Trust me, you really want this book:

It’s Cool Tools: A Catalog of Possibilities,
and it’s the book version of the Cool Tools blog, spearheaded by Kevin Kelly (who is all cool, all the time).
Why do you want this book in book-form? Because it contains 1500 personal reviews of cool tools. Not insert-your-favorite-online-store-here type reviews, but the kinds of reviews that only come from repeated, considered use of a tool. And the tools themselves?
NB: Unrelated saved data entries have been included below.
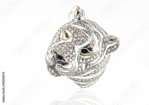 © rauf_ashrafov, Naklejka premium beautiful ring with gems and enamel isolated on white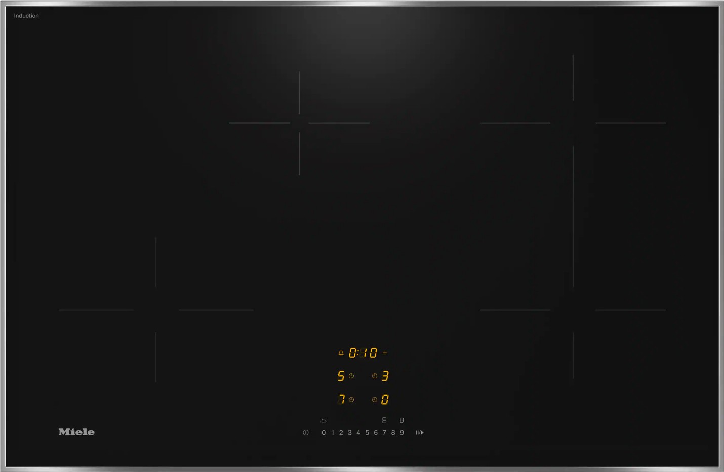 Варочная панель работает на индукционном нагреве — это значит, что повышается температура непосредственно посуды, в которой готовится блюдо. Таким образом промежуточная ступень с предварительным нагревом конфорки пропускается — сокращается время, повышается безопасность. Количество конфорок в этой модели: 4.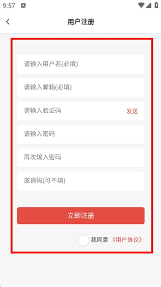 4、在用户注册页面,依次填写信息并勾选协议后,点击立即注册即可完成注册。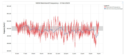 However in recent times, there have been significant and rapid swings in the Australian grid frequency between the control limits, shown in the graph below. The gray region is the deadband of allowable frequencies where no intervening measures need be taken by the grid operators. When outside the deadband region, generators are supposed to be offering primary frequency response support – for underfrequency (load is greater than generation), grid operators increase the generators’ output. This is either done automatically or by dispatching plant to increase load. From the rate of frequency decline, calculations indicate there could have been at least 600MW shortfall in generation over the five minute dispatch process. The cause of the variability observed hasn’t been positively identified, but is likely to be uncontrolled solar generation. If that is the case, then it indicates that faster acting and more expensive frequency control services are needed.

A cool tool is (as laid out on the very first page):
Anything useful
That increases learning
Empowers individuals
Does work that matters
Is either the best
Or the cheapest
Or is the only thing that works
The definition of “tool” is broad enough to include Goodwill Online Auctions (super-cool), Amazon’s almost-secret 1-800 customer service number, and an encyclopedia of Russian criminal prison tattoos (which I suppose could be a tool given the right chain of horrific circumstances).
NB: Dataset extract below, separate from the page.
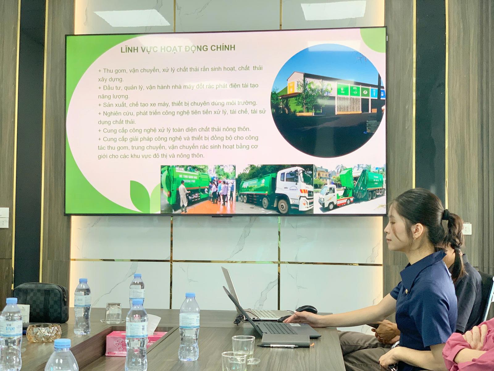 Tham dự buổi làm việc có đại diện lãnh đạo, cán bộ kỹ thuật của hai đơn vị. Nội dung buổi gặp gỡ tập trung vào việc giới thiệu, thảo luận các giải pháp công nghệ trung chuyển và xử lý rác thải hữu cơ - một trong những vấn đề trọng tâm trong công tác quản lý và bảo vệ môi trường đô thị hiện nay.

I think you, Dear Reader, will want this book because it’s decidedly for makers (it’s not called “Cool Stuff,” after all). Every page will help you be a better maker (or just help you make your life better). What makes it dangerous is that it is also full of ideas … if you do not think of five new projects on every page, you are reading with your eyes closed. (The “Construction Materials” section nearly sent me into a projectgasm. Check out Strong-ties, which Kelly calls “he-man K’NEX”.) And don’t even get me started on the “Organizers” section … and I still found things I didn’t know about in categories (like Sewing) where I think I have a good grasp of the cool tools. (Did you know there is KEVLAR THREAD? Soon, my buttons will be BULLETPROOF.)
Why do you want this book, rather than just browsing through the blog? Because it’s HUGE — roughly 11 x 14. It’s the kind of book that demands that you sit on the sofa with someone else (preferably a kid) and chat about possible projects while you page through it together. (Protip: mark pages with post-its for easy recall later — there’s a good index, but post-its mean you don’t have to remember the name of whatever doohickey caught your fancy.)
So, grab this book when it comes back into stock (supposedly this week or next) and then go to town. (And send me links to your projects!)